Nickel prices showed a pattern of stopping falling and stabilizing with a fluctuating rebound this week. At the start of the week, the US-Iran peace agreement became the key variable reversing market sentiment; as the geopolitical risk premium rapidly faded, market risk appetite recovered significantly. Meanwhile, the US Fed kept rates unchanged at its June FOMC meeting, in line with market expectations. Driven by the macro sentiment recovery, SHFE and LME nickel prices rose from earlier lows amid fluctuations. The most-traded SHFE nickel contract rebounded from the 135,000 yuan/mt area to near 137,000 yuan/mt, and LME nickel rallied in tandem to above $17,900/mt. This week, the SMM #1 refined nickel average price was 136,112 yuan/mt, up 450 yuan/mt WoW. Jinchuan nickel premiums stabilized at 1,300–1,500 yuan/mt, while mainstream electrodeposited nickel discounts were in the -500 to -400 yuan/mt range. Spot trading activity weakened from the previous week, as the futures price rebound and the completion of purchasing by most end-users left downstream parties largely on the sidelines.
On the macro front, the most positive change this week came from the breakthrough in US-Iran relations. The US and Iran reached a peace agreement, and the Strait of Hormuz is expected to fully resume navigation in the near term, a geopolitical positive that boosted risk appetite. Some media outlets reported that the agreement would be officially signed on June 19, after which the Strait of Hormuz would fully reopen. On June 18 Beijing time, the US Fed kept the benchmark interest rate unchanged at 3.50%–3.75%, marking the fourth consecutive pause in rate cuts. The Fed held its FOMC meeting on June 16-17, and the market had previously priced in a 98.5% probability of an unchanged rate. However, the hawkish signals from this meeting cannot be ignored. The new chair, Warsh, leaned hawkish, and the dot plot showed that half of officials expected at least one rate hike this year.

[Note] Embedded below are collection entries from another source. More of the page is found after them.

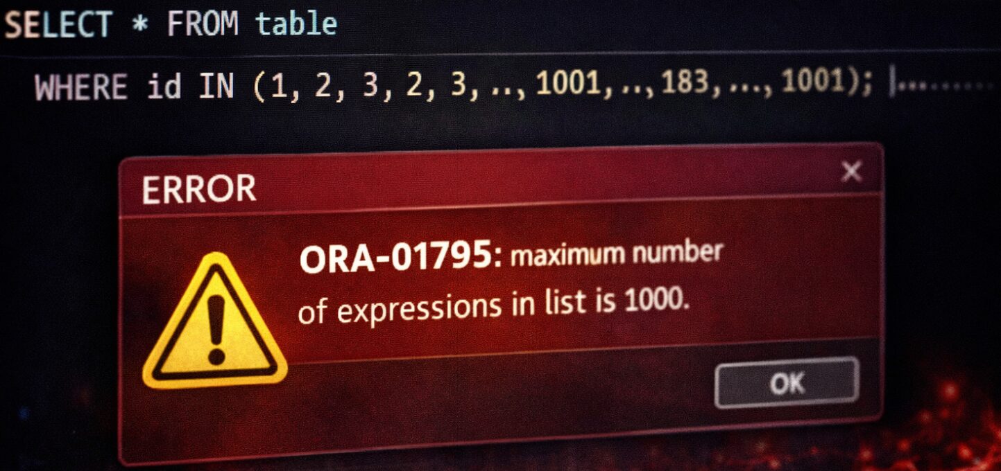 本記事では、ORA-01795 が発生する正確な原因と、現場でよく使われる対処方法を、実務目線で分かりやすく解説します。
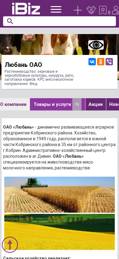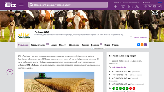 Название / Заголовок | Любань ОАО - Растениеводство: зерновые и зернобобовые культуры, кукуруза, рапс, заготовка кормов. КРС мясо-молочное направление. Мед.. 225876, , Дивин аг., Ленина, 81 |
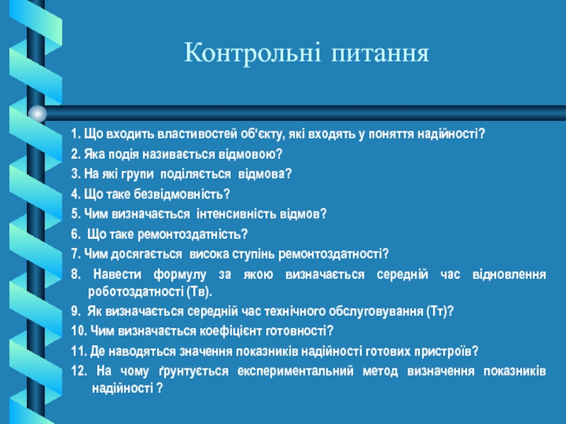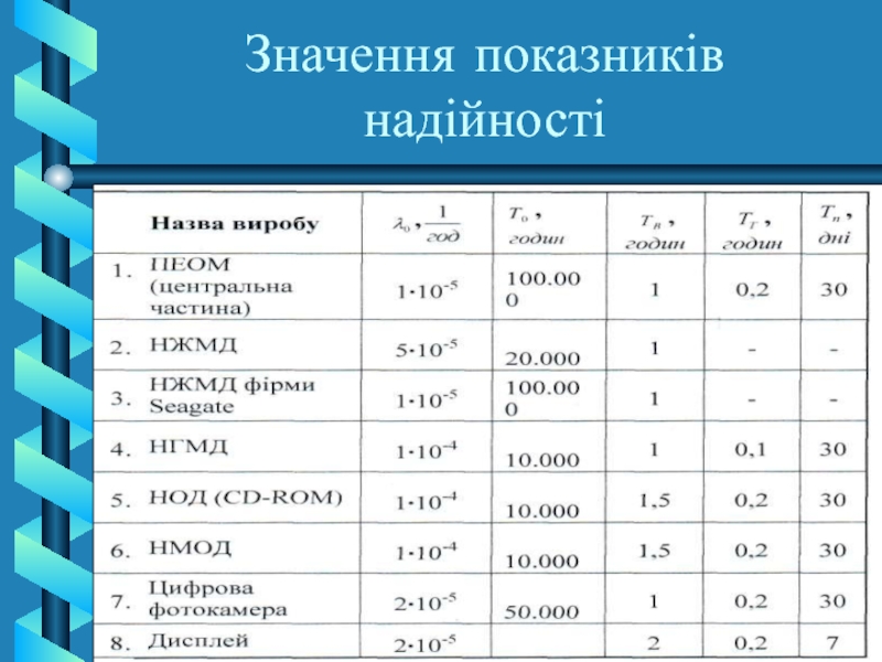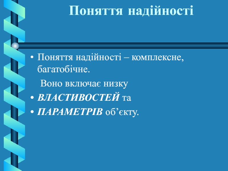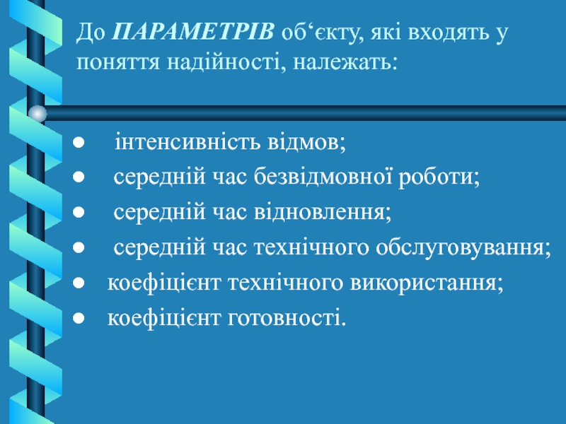 Слайд 6До ПАРАМЕТРІВ об‘єкту, які входять у поняття надійності, належать:
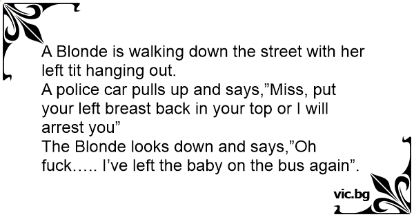 The Blonde looks down and says,”Oh fuск….. I’ve left the baby on the bus again”.
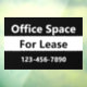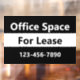 This commercial leasing window cling says 'Office Space For Lease'. The text can be changed to show a custom message. Digits for your phone number are at the bottom.
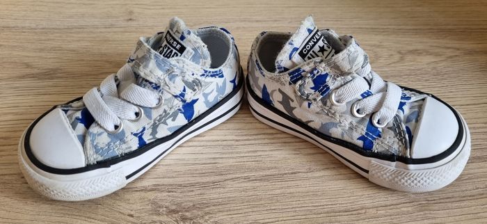 Converse bébé a scratch et élastique requin gris bleu Taiile: 19 Très bon état

Inventory side, Shanghai Bonded Zone inventory was around 2,700 mt this week, building up by 1,000 mt WoW. China’s social inventory stood at about 126,000 mt, with a slight destocking of roughly 86 mt WoW.
Following the US-Iran agreement, expectations of sulfur supply recovery intensified, weakening the cost-support logic. With refined nickel inventories continuing to build up both in and outside China, upside resistance for nickel prices is clear. The most-traded SHFE nickel contract is expected to trade in a core range of 130,000–138,000 yuan/mt.